▶ **Your assignment**: Restate the data exactly as given and keep the pictures out.

▶ **Information**:
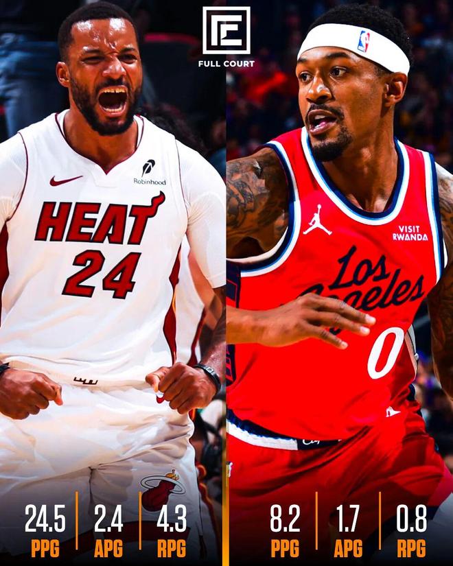 作为对比,加盟热火的鲍威尔:场均24.5分4.3篮板2.4助攻1.4抢断,投篮命中率46.0%,三分命中率45.8%,真实命中率64.4%——别说是平替了,一半的水平都没达到。
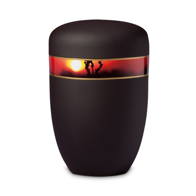 Urn vin matzwart edelstaal met een decorband Ondergaande zon. Deze urn heeft een inhoud van ca. 4000ml en is hoog 26cm. Het model is leverbaar in 4 verschillende decoraties bij Gedenk Idee in Zeeland. Levering is inclusief verzendkosten met PostNL
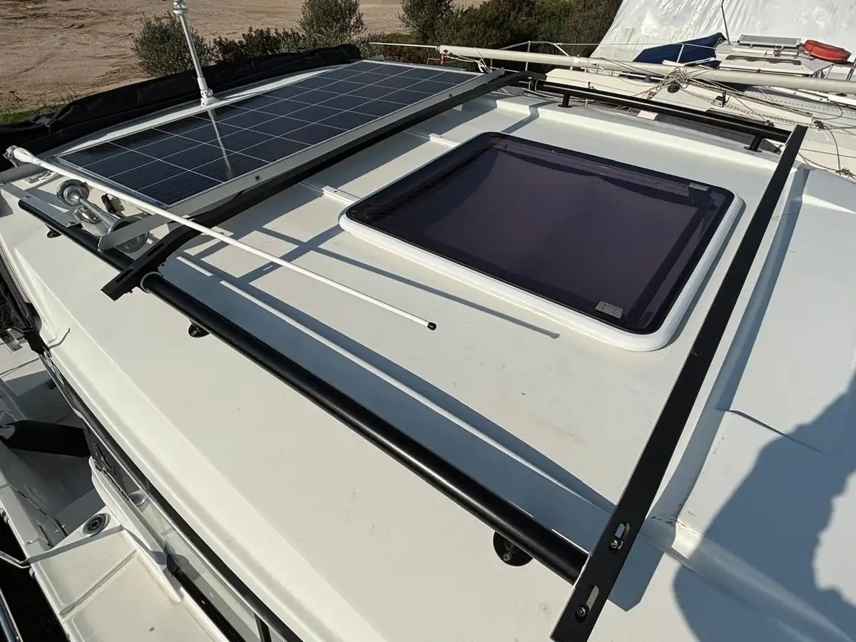 Très bien équipée : panneau solaire, convertisseur, galerie pour paddle sur le toit, casquette de soleil avec fermeture complète type camping, propulseur d’étrave, prise de quai 220V avec chargeur, guindeau électrique, GPS sondeur GARMIN avec cartographie, douche avec chauffe eau, WC marin avec réservoir eaux noires, cuisine luxe avec réchaud gaz et réfrigérateur 40L , complément de couchage dans le carré, prises 12V et 220V, table extérieure, plateformes de bain et circulation sécurisée.
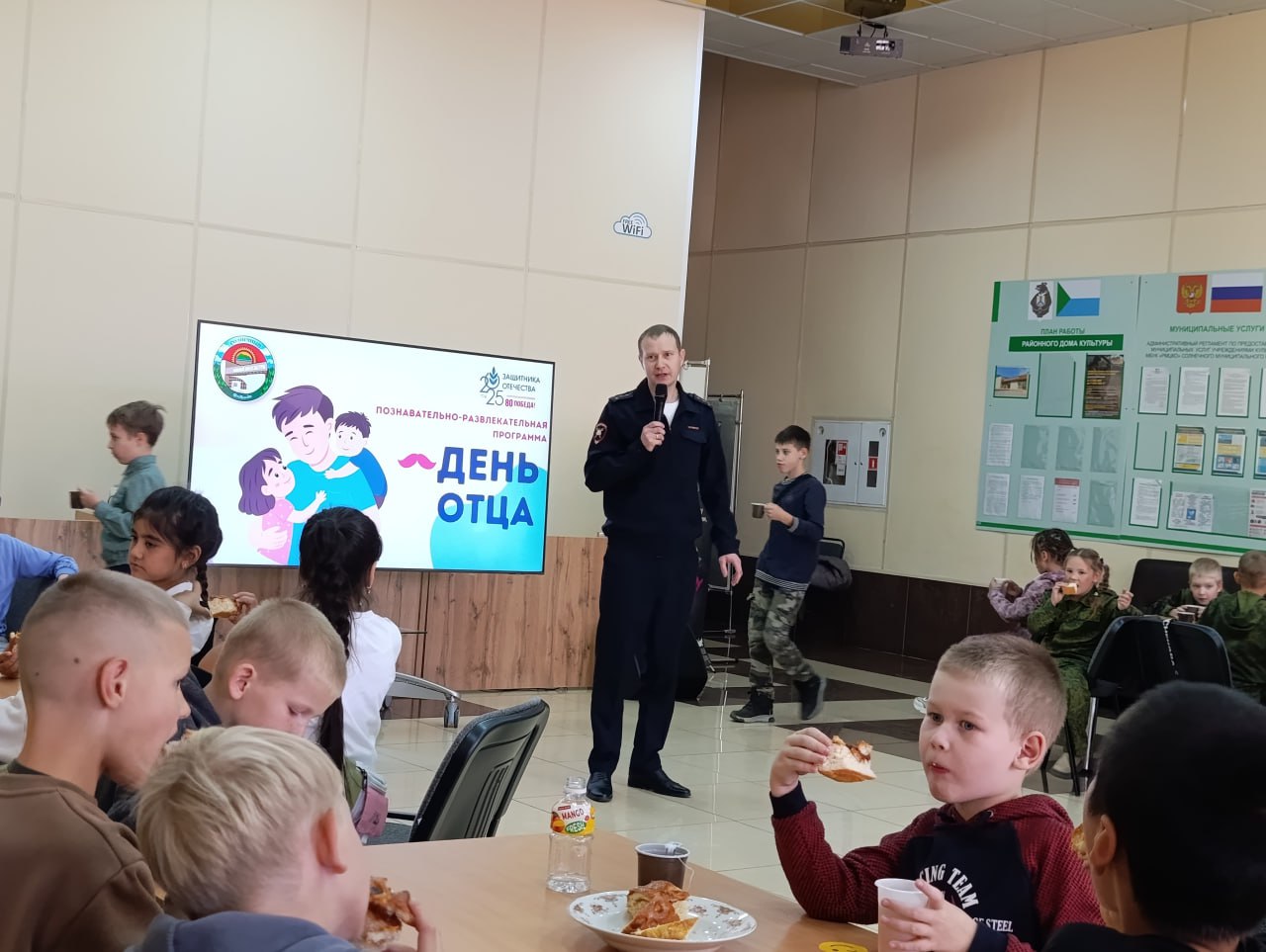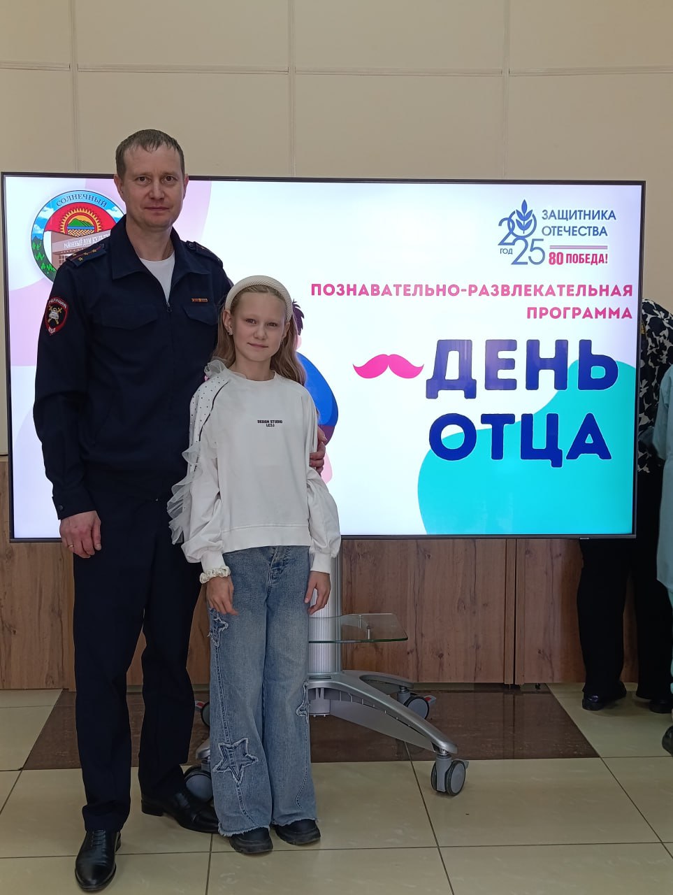 Старший инспектор по пропаганде безопасности дорожного движения капитан полиции Евгений Пятаков принял участие в мероприятии посвященному празднованию «Дня отца» для детей посёлка Солнечный проводимым «Районном домом культуры» рассказав о своей профессии Госавтоинспектора и интересных случаях из своей службы. В настоящий восторг детей привёл показ специальной амуниции полицейского.
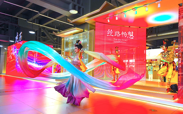 步行街展區(qū)還設(shè)置有演出舞臺(tái),通過古風(fēng)舞蹈及唐仕女互動(dòng)演繹,觀眾可沉浸式互動(dòng),再現(xiàn)漢唐盛世景象、活化歷史記憶、賡續(xù)精神血脈,恭迎八方賓客蒞臨陜西。(記者 楊光)
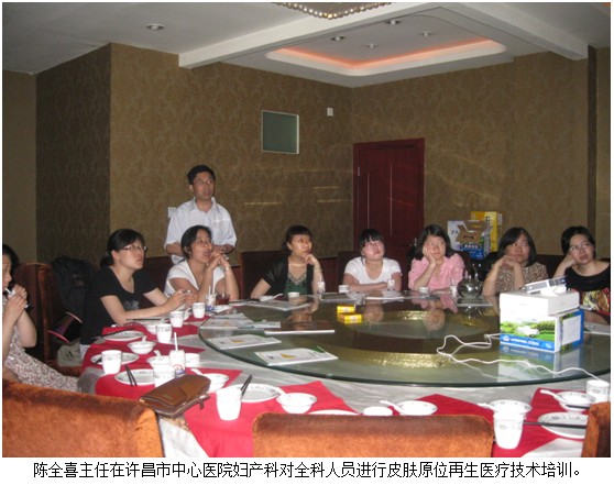 2012年5月17日,中國中西醫(yī)結(jié)合學(xué)會燒傷專業(yè)委員會委員,北京美寶燒傷創(chuàng)瘍研究所臨床技術(shù)推廣部主任陳全喜和河南辦事處總裁趙俊國、區(qū)域經(jīng)理葛艷妍應(yīng)邀,來到了許昌市中心醫(yī)院婦產(chǎn)科,受到婦產(chǎn)科主任龔軍、陳書霞的熱情接待。陳全喜主任再次來到該院進行更深入的皮膚原位再生醫(yī)療技術(shù)及其在臨床應(yīng)用培訓(xùn)。
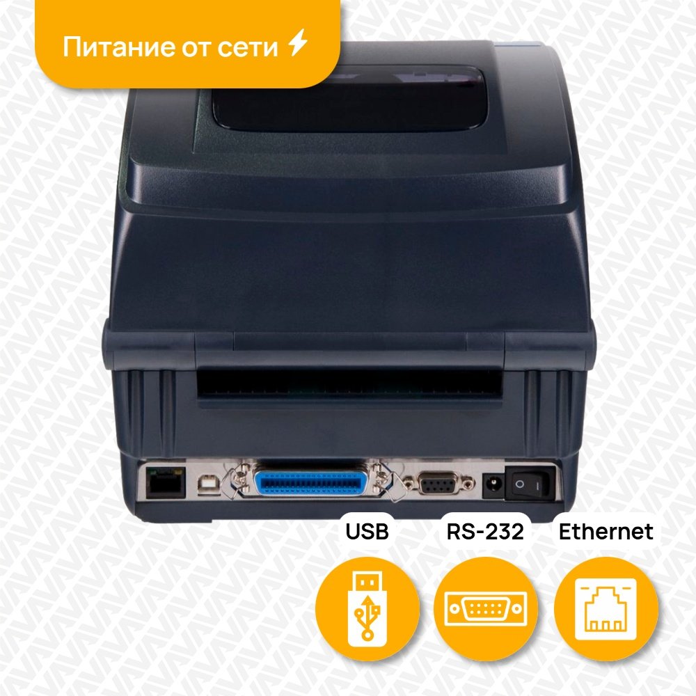 - Интерфейс подключения Centronics, USB 2.0, Ethernet, RS-232
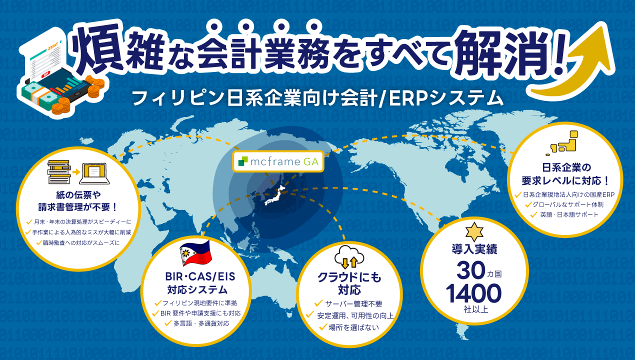 フィリピン日系企業向けに最適化された会計/ERPシステム。販売・購買・在庫・生産管理を統合し、BIR CAS / EIS 対応済み。現地企業と日系企業の双方で採用が進むミドルレンジERP。
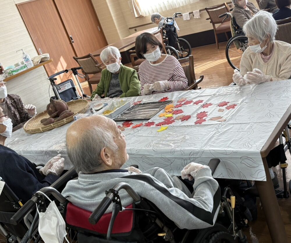 プレミアムハートライフ大岩では、お客様に秋の味覚を存分に楽しんでいただきたいという思いから、職員同士で意見を出し合い、旬のさつま芋を使った茶巾絞り作りをお客様と一緒に行いました。
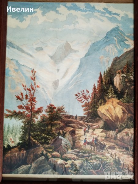 картина-пейзаж,подписана.техника акварел в дървена рамка със стъкло.размери на рамката 39см/29см.
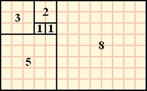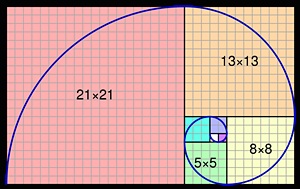이 개념은 간단히 이야기해서 첫째와 둘째 항이 1이고 이 뒤의 숫자들은 바로 앞 수의 합이 되는 수열입니다. 배열을 직접 써보면 1,1,2,3,5,8,13,21,34,55… 이렇게 되는 것이죠. 최초 두 수의 합이 2 그다음 2의 앞인 1과 2 자신의 합이 3 그 앞의 2와 3 자신의 합이 5 이런 배열이겠죠.
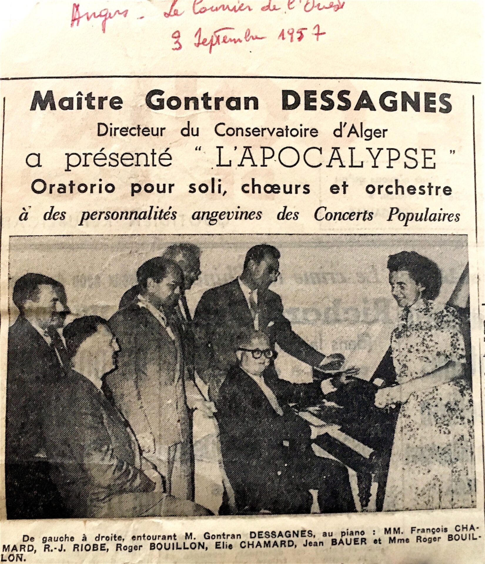 Professeur de piano à la Société des Beaux-Arts, des Sciences et des Lettres d’Alger (1930-1946), Gontran Dessagnes se produira lors de nombreux concerts comme pianiste virtuose et à la direction d’orchestre, présentera une série de conférences de culture musicale dans les principales villes d’Algérie et au Maroc, exercera comme critique musical dans le journal Liberté.
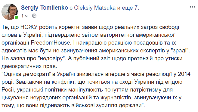 "То, что НСЖУ делает корректные заявления относительно реальных угроз свободе слова в Украине, подтверждено отчетом авторитетной американской организации Freedom House. И лучшей реакцией чиновников и их адвокатов должно быть не обвинение американских экспертов в "зраде". Не заявления о "недоверии". А публичный отчет по претензиям о притеснениях демократических прав", – написал он в Facebook.
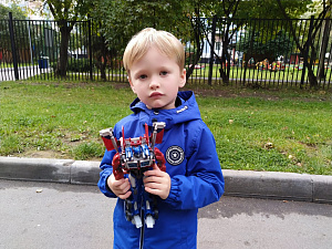 Случилось это, как и у многих, после семейного просмотра одноимённого блокбастера. Основной персонаж и бессменный лидер автоботов – Оптимус Прайм, так впечатлил его своей силой и мощью, что теперь он практически не расстаётся с игрушкой – берёт с собой в детский сад, в гости к бабушкам, на прогулку, и, конечно же, играет с ним дома долгими вечерами.
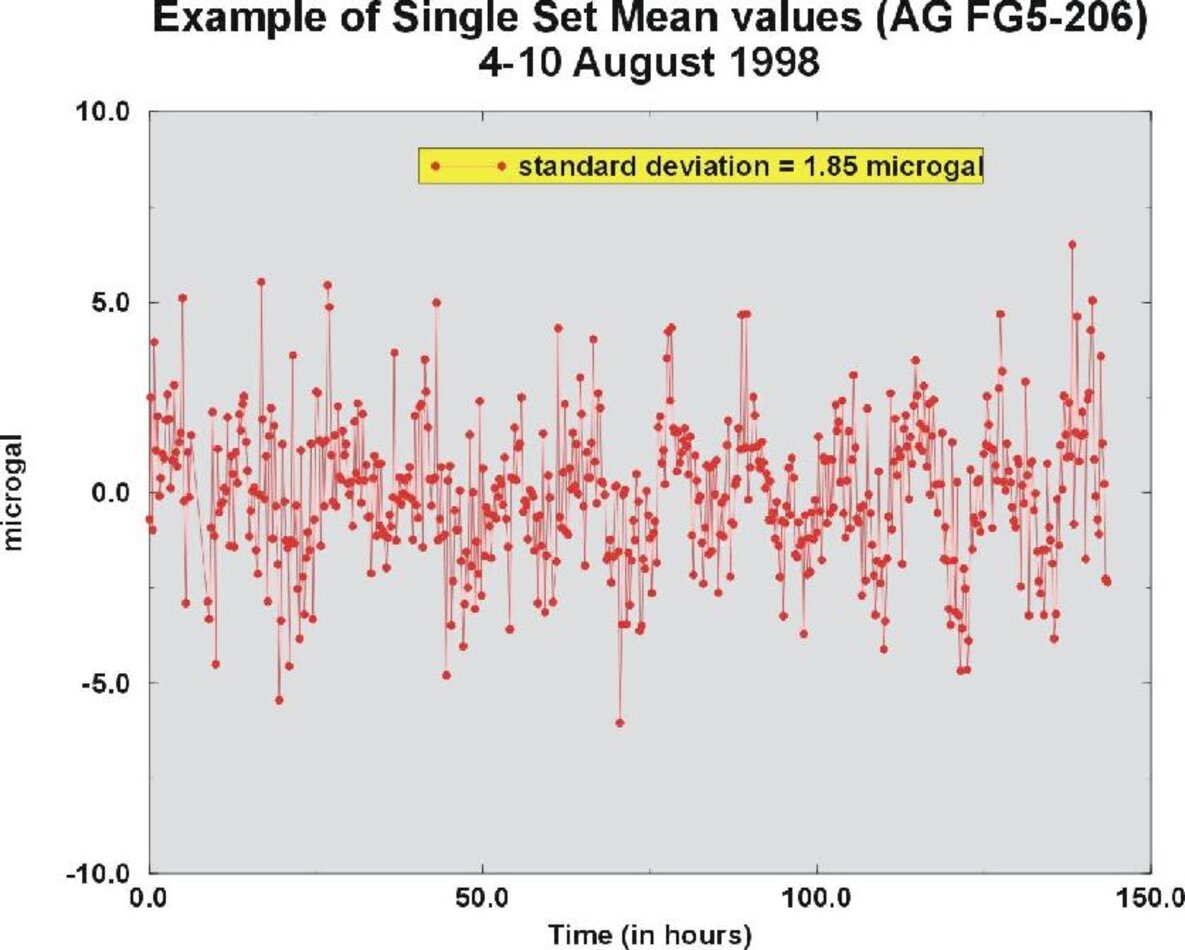 Dispersion des mesures de gravité absolue autour de la valeur moyenne lors de l'expérience du 4 au 10 Août 1998 à Strasbourg ; l'écart type est de 1.85 microgals (données corrigées de l'ensemble des variations temporelles géophysiques, telles que les marées terrestres, la surcharge océanique, l'effet de pression atmosphérique et du mouvement du pôle de rotation terrestre).

▶ **Task answer**:
 作为对比,加盟热火的鲍威尔:场均24.5分4.3篮板2.4助攻1.4抢断,投篮命中率46.0%,三分命中率45.8%,真实命中率64.4%——别说是平替了,一半的水平都没达到。
 Urn vin matzwart edelstaal met een decorband Ondergaande zon. Deze urn heeft een inhoud van ca. 4000ml en is hoog 26cm. Het model is leverbaar in 4 verschillende decoraties bij Gedenk Idee in Zeeland. Levering is inclusief verzendkosten met PostNL
 Très bien équipée : panneau solaire, convertisseur, galerie pour paddle sur le toit, casquette de soleil avec fermeture complète type camping, propulseur d’étrave, prise de quai 220V avec chargeur, guindeau électrique, GPS sondeur GARMIN avec cartographie, douche avec chauffe eau, WC marin avec réservoir eaux noires, cuisine luxe avec réchaud gaz et réfrigérateur 40L , complément de couchage dans le carré, prises 12V et 220V, table extérieure, plateformes de bain et circulation sécurisée.
 Старший инспектор по пропаганде безопасности дорожного движения капитан полиции Евгений Пятаков принял участие в мероприятии посвященному празднованию «Дня отца» для детей посёлка Солнечный проводимым «Районном домом культуры» рассказав о своей профессии Госавтоинспектора и интересных случаях из своей службы. В настоящий восторг детей привёл показ специальной амуниции полицейского.
 步行街展區(qū)還設(shè)置有演出舞臺(tái),通過古風(fēng)舞蹈及唐仕女互動(dòng)演繹,觀眾可沉浸式互動(dòng),再現(xiàn)漢唐盛世景象、活化歷史記憶、賡續(xù)精神血脈,恭迎八方賓客蒞臨陜西。(記者 楊光)
 2012年5月17日,中國中西醫(yī)結(jié)合學(xué)會燒傷專業(yè)委員會委員,北京美寶燒傷創(chuàng)瘍研究所臨床技術(shù)推廣部主任陳全喜和河南辦事處總裁趙俊國、區(qū)域經(jīng)理葛艷妍應(yīng)邀,來到了許昌市中心醫(yī)院婦產(chǎn)科,受到婦產(chǎn)科主任龔軍、陳書霞的熱情接待。陳全喜主任再次來到該院進行更深入的皮膚原位再生醫(yī)療技術(shù)及其在臨床應(yīng)用培訓(xùn)。
 - Интерфейс подключения Centronics, USB 2.0, Ethernet, RS-232
 フィリピン日系企業向けに最適化された会計/ERPシステム。販売・購買・在庫・生産管理を統合し、BIR CAS / EIS 対応済み。現地企業と日系企業の双方で採用が進むミドルレンジERP。
 プレミアムハートライフ大岩では、お客様に秋の味覚を存分に楽しんでいただきたいという思いから、職員同士で意見を出し合い、旬のさつま芋を使った茶巾絞り作りをお客様と一緒に行いました。
 картина-пейзаж,подписана.техника акварел в дървена рамка със стъкло.размери на рамката 39см/29см.
이 개념은 간단히 이야기해서 첫째와 둘째 항이 1이고 이 뒤의 숫자들은 바로 앞 수의 합이 되는 수열입니다. 배열을 직접 써보면 1,1,2,3,5,8,13,21,34,55… 이렇게 되는 것이죠. 최초 두 수의 합이 2 그다음 2의 앞인 1과 2 자신의 합이 3 그 앞의 2와 3 자신의 합이 5 이런 배열이겠죠.
 Professeur de piano à la Société des Beaux-Arts, des Sciences et des Lettres d’Alger (1930-1946), Gontran Dessagnes se produira lors de nombreux concerts comme pianiste virtuose et à la direction d’orchestre, présentera une série de conférences de culture musicale dans les principales villes d’Algérie et au Maroc, exercera comme critique musical dans le journal Liberté.
 "То, что НСЖУ делает корректные заявления относительно реальных угроз свободе слова в Украине, подтверждено отчетом авторитетной американской организации Freedom House. И лучшей реакцией чиновников и их адвокатов должно быть не обвинение американских экспертов в "зраде". Не заявления о "недоверии". А публичный отчет по претензиям о притеснениях демократических прав", – написал он в Facebook.
 Случилось это, как и у многих, после семейного просмотра одноимённого блокбастера. Основной персонаж и бессменный лидер автоботов – Оптимус Прайм, так впечатлил его своей силой и мощью, что теперь он практически не расстаётся с игрушкой – берёт с собой в детский сад, в гости к бабушкам, на прогулку, и, конечно же, играет с ним дома долгими вечерами.
 Dispersion des mesures de gravité absolue autour de la valeur moyenne lors de l'expérience du 4 au 10 Août 1998 à Strasbourg ; l'écart type est de 1.85 microgals (données corrigées de l'ensemble des variations temporelles géophysiques, telles que les marées terrestres, la surcharge océanique, l'effet de pression atmosphérique et du mouvement du pôle de rotation terrestre).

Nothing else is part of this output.